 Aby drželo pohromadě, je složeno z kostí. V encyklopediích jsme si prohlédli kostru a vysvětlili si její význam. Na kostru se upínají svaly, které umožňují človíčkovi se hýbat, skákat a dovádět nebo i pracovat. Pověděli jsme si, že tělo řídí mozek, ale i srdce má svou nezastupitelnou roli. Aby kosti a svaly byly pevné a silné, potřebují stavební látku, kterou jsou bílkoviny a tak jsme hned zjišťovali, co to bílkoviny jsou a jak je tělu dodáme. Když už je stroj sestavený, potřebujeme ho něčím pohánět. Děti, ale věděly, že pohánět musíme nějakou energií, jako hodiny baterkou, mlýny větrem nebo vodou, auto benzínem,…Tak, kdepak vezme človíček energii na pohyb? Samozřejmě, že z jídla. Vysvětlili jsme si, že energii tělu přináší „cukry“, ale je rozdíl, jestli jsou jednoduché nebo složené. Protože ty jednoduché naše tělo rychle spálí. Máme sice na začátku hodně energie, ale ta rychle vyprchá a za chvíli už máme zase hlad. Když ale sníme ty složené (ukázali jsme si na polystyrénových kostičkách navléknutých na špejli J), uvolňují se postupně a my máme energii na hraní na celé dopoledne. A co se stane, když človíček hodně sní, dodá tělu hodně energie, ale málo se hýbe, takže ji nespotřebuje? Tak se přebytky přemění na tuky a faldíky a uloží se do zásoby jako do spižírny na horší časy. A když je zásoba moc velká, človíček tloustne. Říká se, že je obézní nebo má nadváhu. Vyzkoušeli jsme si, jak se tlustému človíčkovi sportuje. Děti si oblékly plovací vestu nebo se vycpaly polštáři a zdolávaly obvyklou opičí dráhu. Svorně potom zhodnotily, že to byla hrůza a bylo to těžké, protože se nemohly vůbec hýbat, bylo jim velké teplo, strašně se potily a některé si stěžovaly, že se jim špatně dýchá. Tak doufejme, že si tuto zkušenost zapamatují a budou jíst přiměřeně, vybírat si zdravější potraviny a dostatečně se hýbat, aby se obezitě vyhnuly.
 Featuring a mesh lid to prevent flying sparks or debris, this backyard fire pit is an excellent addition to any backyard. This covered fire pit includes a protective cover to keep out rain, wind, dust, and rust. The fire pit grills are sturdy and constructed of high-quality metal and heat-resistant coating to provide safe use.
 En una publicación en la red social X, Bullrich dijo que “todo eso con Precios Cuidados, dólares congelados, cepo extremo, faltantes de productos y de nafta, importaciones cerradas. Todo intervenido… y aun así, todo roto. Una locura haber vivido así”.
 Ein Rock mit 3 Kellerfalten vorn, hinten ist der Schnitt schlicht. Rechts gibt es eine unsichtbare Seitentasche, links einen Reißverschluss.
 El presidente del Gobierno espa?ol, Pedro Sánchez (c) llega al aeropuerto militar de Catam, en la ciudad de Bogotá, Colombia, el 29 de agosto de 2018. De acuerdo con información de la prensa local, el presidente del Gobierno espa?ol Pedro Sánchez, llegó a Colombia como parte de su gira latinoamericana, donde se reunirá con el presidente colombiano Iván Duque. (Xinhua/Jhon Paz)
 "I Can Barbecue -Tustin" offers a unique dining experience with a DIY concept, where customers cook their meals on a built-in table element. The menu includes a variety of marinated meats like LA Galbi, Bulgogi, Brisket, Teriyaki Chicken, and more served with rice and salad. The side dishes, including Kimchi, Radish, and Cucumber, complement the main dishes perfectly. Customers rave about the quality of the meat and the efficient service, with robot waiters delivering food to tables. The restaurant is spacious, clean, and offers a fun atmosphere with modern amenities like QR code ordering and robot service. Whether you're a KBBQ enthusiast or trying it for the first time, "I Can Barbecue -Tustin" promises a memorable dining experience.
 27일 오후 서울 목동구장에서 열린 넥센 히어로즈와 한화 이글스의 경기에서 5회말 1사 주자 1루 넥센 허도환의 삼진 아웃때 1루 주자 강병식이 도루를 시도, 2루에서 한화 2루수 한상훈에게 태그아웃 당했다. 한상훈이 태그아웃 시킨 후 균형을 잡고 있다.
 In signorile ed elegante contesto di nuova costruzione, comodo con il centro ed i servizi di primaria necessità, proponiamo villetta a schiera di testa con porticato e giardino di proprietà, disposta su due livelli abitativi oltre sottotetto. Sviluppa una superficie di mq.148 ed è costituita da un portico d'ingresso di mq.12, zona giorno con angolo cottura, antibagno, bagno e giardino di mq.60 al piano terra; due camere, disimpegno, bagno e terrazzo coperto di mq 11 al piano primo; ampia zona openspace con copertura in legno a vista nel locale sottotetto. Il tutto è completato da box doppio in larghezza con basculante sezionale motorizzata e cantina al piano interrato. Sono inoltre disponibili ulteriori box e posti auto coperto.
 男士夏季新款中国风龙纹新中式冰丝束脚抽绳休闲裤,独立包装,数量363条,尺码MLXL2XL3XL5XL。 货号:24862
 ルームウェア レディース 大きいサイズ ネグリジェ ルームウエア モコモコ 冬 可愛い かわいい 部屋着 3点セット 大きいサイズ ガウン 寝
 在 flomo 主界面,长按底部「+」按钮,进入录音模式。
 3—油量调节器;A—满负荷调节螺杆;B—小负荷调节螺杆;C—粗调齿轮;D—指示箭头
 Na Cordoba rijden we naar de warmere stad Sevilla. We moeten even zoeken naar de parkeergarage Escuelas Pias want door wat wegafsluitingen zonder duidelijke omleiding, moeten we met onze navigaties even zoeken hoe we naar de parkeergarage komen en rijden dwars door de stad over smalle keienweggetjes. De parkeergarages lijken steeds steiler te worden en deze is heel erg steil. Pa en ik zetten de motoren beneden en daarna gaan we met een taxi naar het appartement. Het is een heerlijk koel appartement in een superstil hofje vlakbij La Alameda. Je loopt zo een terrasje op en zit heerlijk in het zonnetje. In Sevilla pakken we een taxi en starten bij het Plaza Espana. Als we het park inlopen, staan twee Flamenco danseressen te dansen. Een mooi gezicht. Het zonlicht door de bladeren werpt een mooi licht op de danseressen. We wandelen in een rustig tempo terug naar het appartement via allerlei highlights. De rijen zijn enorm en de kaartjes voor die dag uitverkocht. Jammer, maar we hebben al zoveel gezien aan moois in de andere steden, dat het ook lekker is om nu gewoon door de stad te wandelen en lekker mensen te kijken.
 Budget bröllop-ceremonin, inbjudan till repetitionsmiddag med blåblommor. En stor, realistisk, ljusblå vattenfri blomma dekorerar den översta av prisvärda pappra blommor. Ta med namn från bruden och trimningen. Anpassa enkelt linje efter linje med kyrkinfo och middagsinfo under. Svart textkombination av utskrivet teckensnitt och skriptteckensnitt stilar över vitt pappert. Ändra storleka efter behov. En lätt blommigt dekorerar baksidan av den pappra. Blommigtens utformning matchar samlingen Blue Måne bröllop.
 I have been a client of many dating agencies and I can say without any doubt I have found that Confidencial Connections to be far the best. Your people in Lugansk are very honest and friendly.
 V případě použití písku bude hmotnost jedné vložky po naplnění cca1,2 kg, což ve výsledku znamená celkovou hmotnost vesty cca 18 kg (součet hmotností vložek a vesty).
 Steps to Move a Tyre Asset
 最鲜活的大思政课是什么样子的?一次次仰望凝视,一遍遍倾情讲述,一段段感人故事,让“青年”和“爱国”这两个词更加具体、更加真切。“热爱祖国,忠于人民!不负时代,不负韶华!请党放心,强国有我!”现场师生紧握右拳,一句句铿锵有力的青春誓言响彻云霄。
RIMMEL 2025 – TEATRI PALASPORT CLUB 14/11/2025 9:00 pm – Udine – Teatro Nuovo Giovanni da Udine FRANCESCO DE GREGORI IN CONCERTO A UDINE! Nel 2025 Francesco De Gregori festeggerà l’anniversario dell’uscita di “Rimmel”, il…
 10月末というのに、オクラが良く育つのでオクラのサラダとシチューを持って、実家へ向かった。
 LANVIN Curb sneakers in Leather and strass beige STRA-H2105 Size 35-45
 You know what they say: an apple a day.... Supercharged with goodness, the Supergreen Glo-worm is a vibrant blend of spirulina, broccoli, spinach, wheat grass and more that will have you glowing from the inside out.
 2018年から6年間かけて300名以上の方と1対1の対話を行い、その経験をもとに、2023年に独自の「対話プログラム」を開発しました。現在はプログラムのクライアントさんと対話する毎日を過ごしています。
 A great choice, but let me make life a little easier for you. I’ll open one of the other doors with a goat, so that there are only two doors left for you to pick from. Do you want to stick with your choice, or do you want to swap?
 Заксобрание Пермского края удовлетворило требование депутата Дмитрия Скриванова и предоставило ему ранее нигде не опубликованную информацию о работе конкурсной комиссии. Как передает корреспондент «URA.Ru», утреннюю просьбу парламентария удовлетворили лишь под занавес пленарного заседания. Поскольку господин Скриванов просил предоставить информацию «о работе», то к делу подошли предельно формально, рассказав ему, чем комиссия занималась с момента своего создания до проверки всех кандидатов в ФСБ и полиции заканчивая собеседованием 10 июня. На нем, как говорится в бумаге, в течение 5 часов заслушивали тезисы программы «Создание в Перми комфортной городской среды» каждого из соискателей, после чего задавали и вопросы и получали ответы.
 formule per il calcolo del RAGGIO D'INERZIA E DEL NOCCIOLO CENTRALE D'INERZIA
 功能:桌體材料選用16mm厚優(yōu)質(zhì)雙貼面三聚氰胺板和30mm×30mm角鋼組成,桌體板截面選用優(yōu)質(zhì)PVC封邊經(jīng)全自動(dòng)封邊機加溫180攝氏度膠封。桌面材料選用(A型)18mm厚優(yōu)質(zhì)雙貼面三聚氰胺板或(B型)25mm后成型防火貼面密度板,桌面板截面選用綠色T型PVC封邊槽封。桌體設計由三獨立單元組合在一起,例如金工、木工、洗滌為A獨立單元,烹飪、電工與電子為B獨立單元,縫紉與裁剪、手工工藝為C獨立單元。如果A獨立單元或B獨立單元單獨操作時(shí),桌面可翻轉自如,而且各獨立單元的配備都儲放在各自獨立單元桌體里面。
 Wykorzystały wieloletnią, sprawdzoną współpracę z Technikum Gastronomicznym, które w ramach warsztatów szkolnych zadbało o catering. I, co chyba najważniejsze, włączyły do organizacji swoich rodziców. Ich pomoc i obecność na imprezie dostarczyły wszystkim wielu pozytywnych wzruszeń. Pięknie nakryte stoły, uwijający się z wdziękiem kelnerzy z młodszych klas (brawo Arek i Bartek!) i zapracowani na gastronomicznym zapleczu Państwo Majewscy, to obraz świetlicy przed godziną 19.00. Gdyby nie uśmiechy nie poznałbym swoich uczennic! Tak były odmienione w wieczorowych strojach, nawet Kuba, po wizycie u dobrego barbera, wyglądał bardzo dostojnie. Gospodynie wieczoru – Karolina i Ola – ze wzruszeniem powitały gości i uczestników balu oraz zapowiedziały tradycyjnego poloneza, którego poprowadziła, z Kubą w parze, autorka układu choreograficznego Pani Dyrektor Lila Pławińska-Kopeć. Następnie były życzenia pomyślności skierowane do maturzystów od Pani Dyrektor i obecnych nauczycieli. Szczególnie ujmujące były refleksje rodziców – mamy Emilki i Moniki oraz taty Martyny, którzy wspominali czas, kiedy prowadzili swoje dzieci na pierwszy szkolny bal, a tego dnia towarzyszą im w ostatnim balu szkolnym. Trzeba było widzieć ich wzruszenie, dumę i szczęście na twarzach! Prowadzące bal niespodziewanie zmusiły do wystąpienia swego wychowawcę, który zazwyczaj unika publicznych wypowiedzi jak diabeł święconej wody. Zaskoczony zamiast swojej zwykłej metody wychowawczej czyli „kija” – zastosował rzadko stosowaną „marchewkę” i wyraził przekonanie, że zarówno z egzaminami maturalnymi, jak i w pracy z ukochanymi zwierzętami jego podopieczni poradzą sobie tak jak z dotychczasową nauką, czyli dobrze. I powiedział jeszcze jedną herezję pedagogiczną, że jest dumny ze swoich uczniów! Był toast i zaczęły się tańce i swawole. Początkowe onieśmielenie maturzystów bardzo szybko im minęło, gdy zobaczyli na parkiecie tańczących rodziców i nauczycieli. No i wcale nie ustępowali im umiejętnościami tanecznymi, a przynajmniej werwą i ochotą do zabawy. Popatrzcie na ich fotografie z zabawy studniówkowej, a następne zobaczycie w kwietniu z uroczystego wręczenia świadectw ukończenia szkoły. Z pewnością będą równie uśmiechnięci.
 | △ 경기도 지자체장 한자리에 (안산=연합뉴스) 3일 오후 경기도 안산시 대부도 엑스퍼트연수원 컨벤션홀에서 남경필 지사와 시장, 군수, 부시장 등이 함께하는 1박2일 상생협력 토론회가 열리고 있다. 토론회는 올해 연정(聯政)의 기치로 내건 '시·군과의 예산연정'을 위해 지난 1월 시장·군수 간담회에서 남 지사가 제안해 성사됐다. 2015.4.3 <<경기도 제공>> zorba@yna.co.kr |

__________________________________________________

— What to work on —
Scan the records above for the lines holding "2018年から6年間かけて3" and "A great choice, but". Transcribe those two and every line between them word for word, and no others.

— Task solution —
 2018年から6年間かけて300名以上の方と1対1の対話を行い、その経験をもとに、2023年に独自の「対話プログラム」を開発しました。現在はプログラムのクライアントさんと対話する毎日を過ごしています。
 A great choice, but let me make life a little easier for you. I’ll open one of the other doors with a goat, so that there are only two doors left for you to pick from. Do you want to stick with your choice, or do you want to swap?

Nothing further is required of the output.